If these issues are current bottlenecks, Iceberg can help improve performance and data manageability.
Modernization in action – How Tiger Analytics helped a leading insurer enhance data analysis and management
A leading insurance provider was looking to optimize the management and analysis of petabyte-scale datasets. These datasets were characterized by highly complex schemas reflecting diverse insurance products, customer interactions, claims, and regulatory requirements.
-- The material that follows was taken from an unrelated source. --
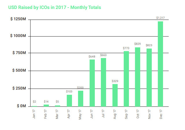 De acordo com um relatório emitido pela empresa VC FabricVentures e pela TokenData, com base em suas métricas, foram arrecadados mais de US$ 5,6 bilhões em 2017. “Isso se compara a US$ 1 bilhão de um empreendimento ‘tradicional’ investindo em startups de blockchain no mesmo período de tempo e ‘meros’ US$ 240 milhões levantados pelas vendas de tokens em 2016”, continua o relatório.

Identifying the business needs
The client relied on multiple query engines (e.g., Spark, Flink, Trino, and Hive) to process claims, policy, and customer data for reporting, risk modeling, and predictive analytics. The legacy data lake, built on HDFS-based tables, couldn’t match the growing need for scalability, query performance, and schema management, prompting the adoption of Apache Iceberg to modernize the data platform. Below is a quick snapshot of the target issues:
- Scalability issues with large datasets
- Complex schema evolution
- Query performance bottlenecks
- Multi-engine compatibility
- Cost and resource inefficiency
Developing the solution
The insurer partnered with us to design and implement a comprehensive solution based on Apache Iceberg’s advanced table format to address these challenges. The solution could be broken down into five key components:
- Migration to Apache Iceberg: All legacy HDFS-based tables were migrated to Iceberg-managed tables in a phased manner to minimize downtime. This allowed the organization to retain existing data while gaining access to Iceberg’s advanced versioning and transactional capabilities.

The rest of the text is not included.